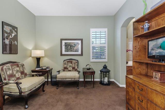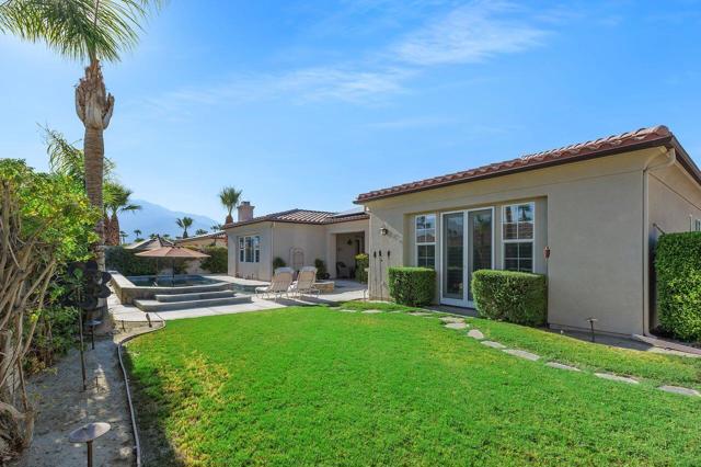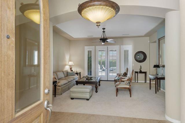 Behind the gates of St. Augustine in Rancho Mirage sits this spacious 3,650 sq ft home on a large corner lot. Enter through a private courtyard with fountain into a bright living room with French doors opening to the covered patio and pool. The home features a formal dining room, an open kitchen with island and walk-in pantry, a family room with fireplace, and a wet bar. The primary suite includes French doors to the yard, a spa-like bath, and an oversized walk-in closet. Two guest bedrooms share a Jack-and-Jill bath, plus there's an office with outdoor access.The backyard is designed for entertaining with a covered patio, BBQ island, pool with beach entry, spa, and firepit. Additional perks include OWNED SOLAR, high-efficiency Trane systems, and air-conditioned garages. A perfect blend of comfort and entertaining in a sought-after community.This home's layout and features make it an ideal choice for those seeking a comfortable and functional living space with opportunities to enjoy the outdoors. The well-maintained condition of the property ensures a move-in ready experience for the next owner.Please call Hal Hartley at 858-254-0229 for showing instructions.
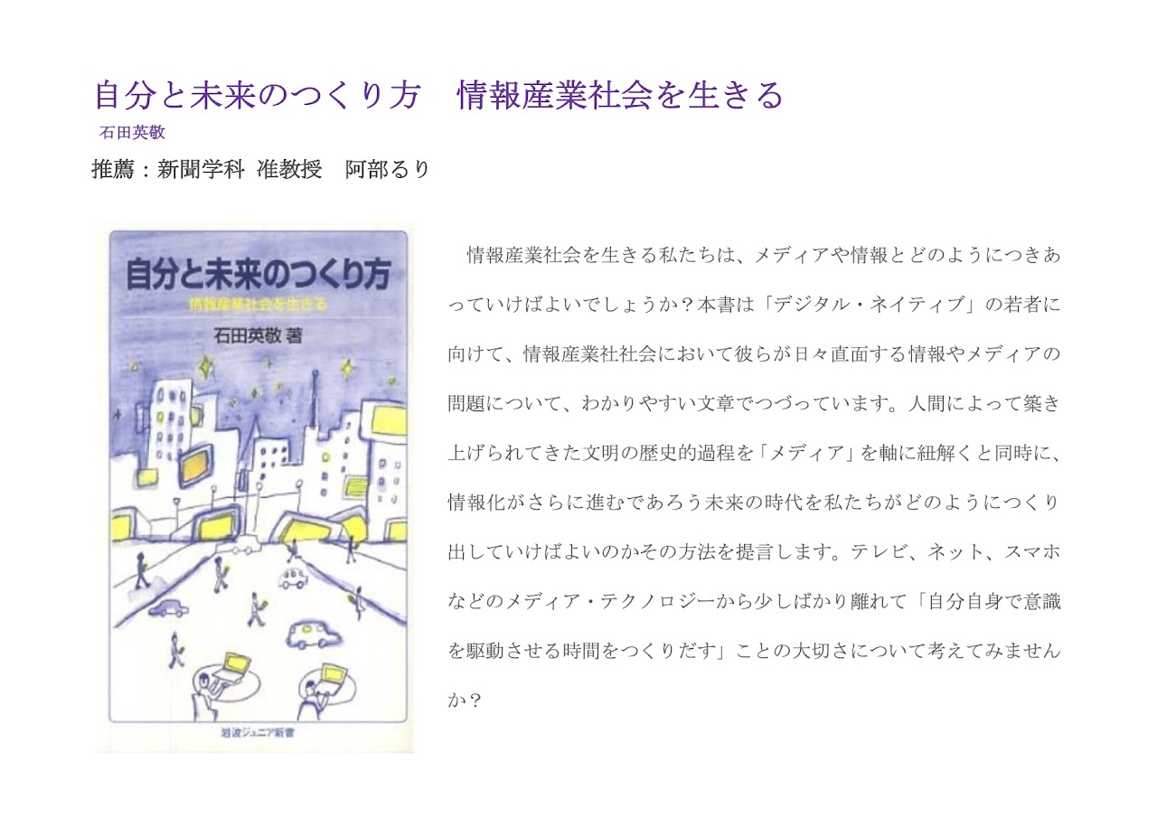 | 自分と未来のつくり方 : 情報産業社会を生きる | 石田英敬 | 岩波書店 | 2006 | [IGC - 007.3:I72] | |
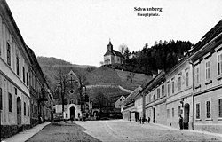 | Hauptplatz von Schwanberg, Steiermark, Österreich 1980 mit Kapuzinerkloster und St. Josefs-Kirche | Postkarte aus 1908, auf der Rückseite: Verlag Ed Körner, Schwanberg Nr. 0176 | Autor/-in unbekannt Unknown author | Datei:Schwanberg Hauptplatz 1908.jpg | |
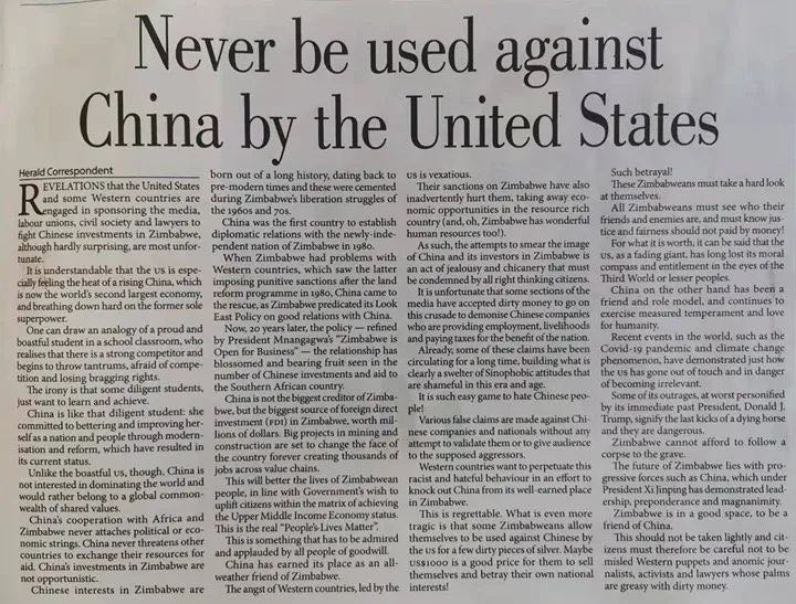 津巴布韦《先驱报》刊登的评论文章《不作美国反华棋子》。新华社记者张玉亮摄
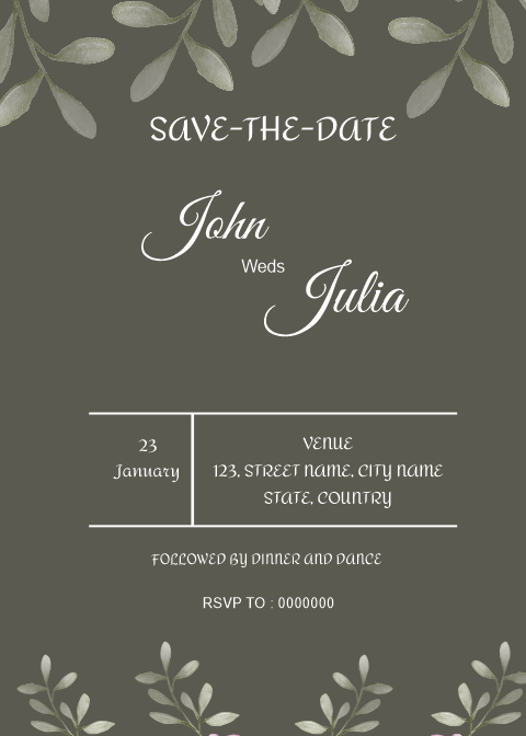 Create your Save The Date Card online with this beautiful yet sober card template, hanging leaves decoration and green background makes this card design stunning.
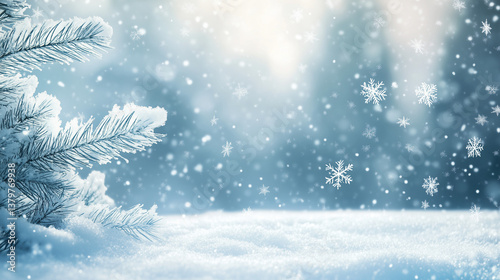 A snowy winter scene with soft blue hues and falling snowflakes
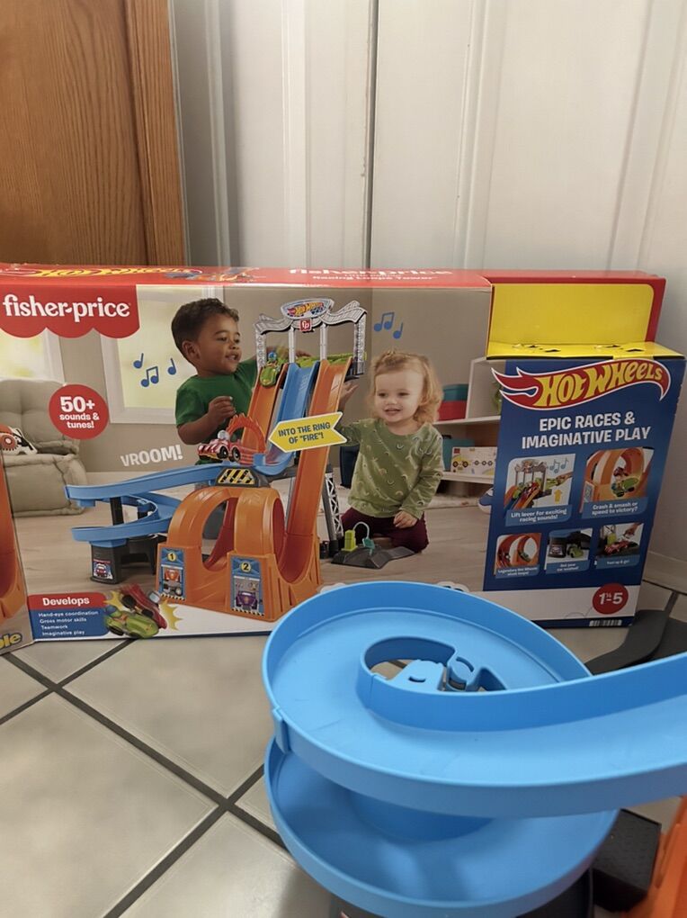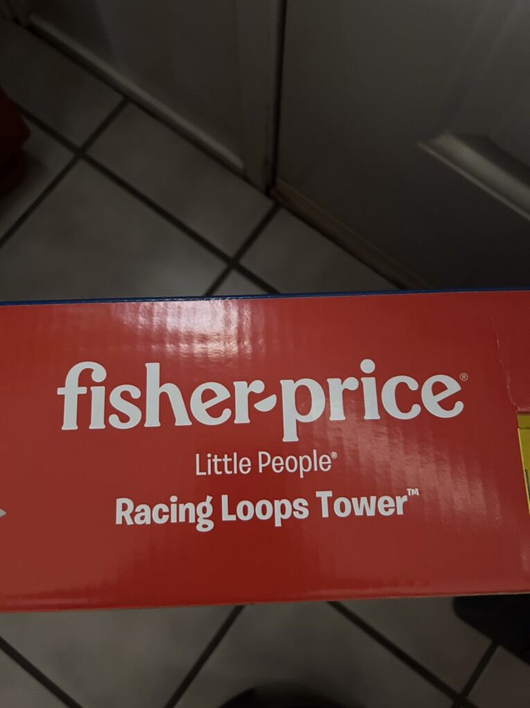 This is a fun play set for kids! We have the original box. So if you want to wrap the box for Christmas…. The play set will already be put together. It is just like brand new. We have Both cars. Fisher Price Little People Racing Loops Tower… it also makes sounds.
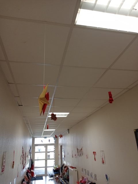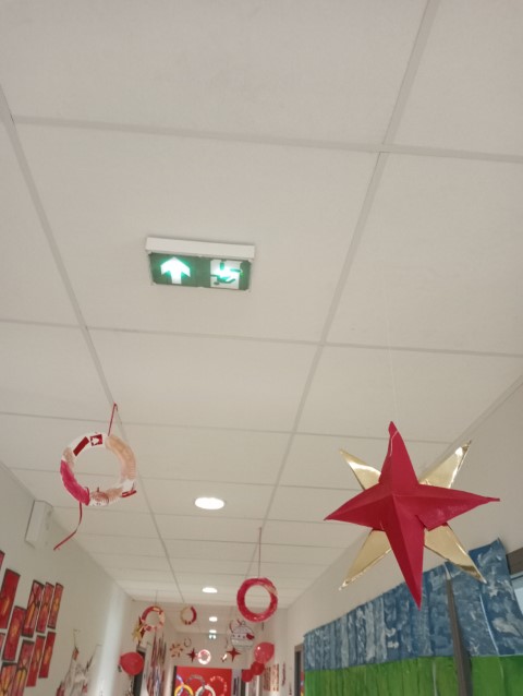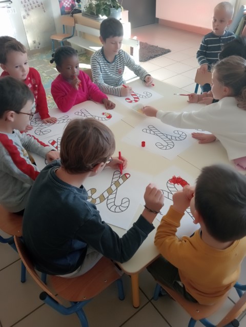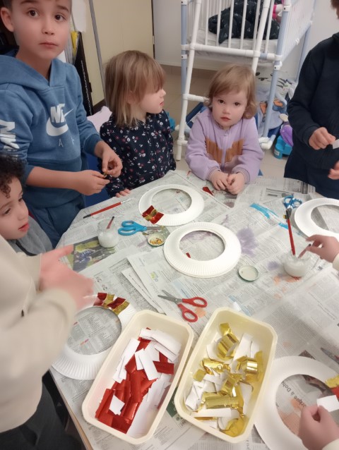 A l’approche du 1er Décembre, toutes les classes se sont organisées en parrainage pour vivre des ateliers afin de préparer des décorations de Noël pour tous les espaces de notre école.
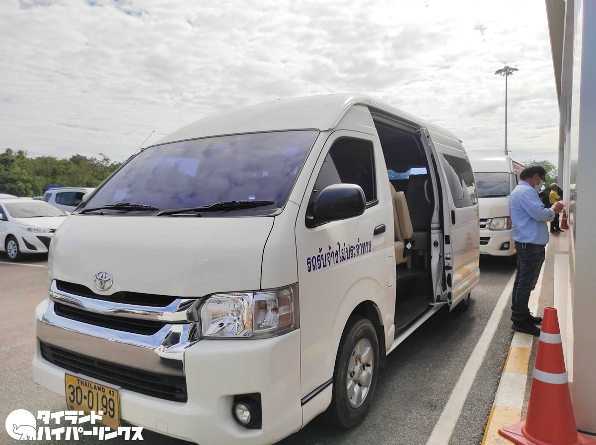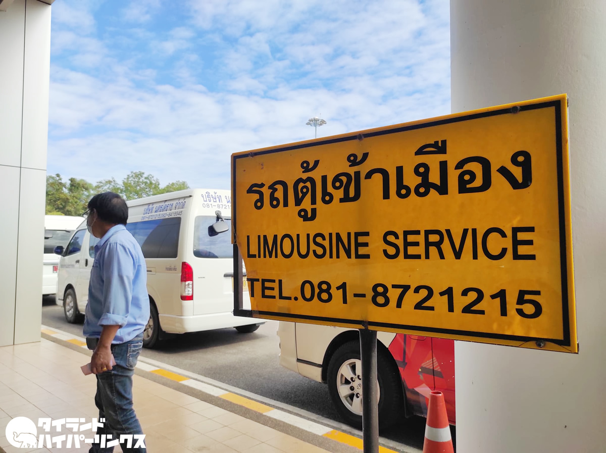 空港の外に出れば、すぐにタクシーの運転手が声をかけてくるだろうと思っていのたですが、期待は外れて誰も声をかけてきません(苦笑)。さて、どうしたものかとウロウロしていると、「リムジンサービス」の看板を発見。そこでようやく声をかけられました。行き先のホテルの名前を告げると、100バーツとのこと。どうやら「Limousine service(リムジンサービス)」というのは乗り合いのバンで、他のお客さんと一緒に目的地まで送ってくれるのですね。看板にもタイ語で「รถตู้เข้าเมือง(ロットゥーカオムアン)」、街へ行く乗り合いバンと書いてあります。

# Work item:
Print nothing except the lines above from the one containing "This is a fun" down to the one containing "A l’approche du", both included, exactly as written and free of pictures.

# Answer below:
 This is a fun play set for kids! We have the original box. So if you want to wrap the box for Christmas…. The play set will already be put together. It is just like brand new. We have Both cars. Fisher Price Little People Racing Loops Tower… it also makes sounds.
 A l’approche du 1er Décembre, toutes les classes se sont organisées en parrainage pour vivre des ateliers afin de préparer des décorations de Noël pour tous les espaces de notre école.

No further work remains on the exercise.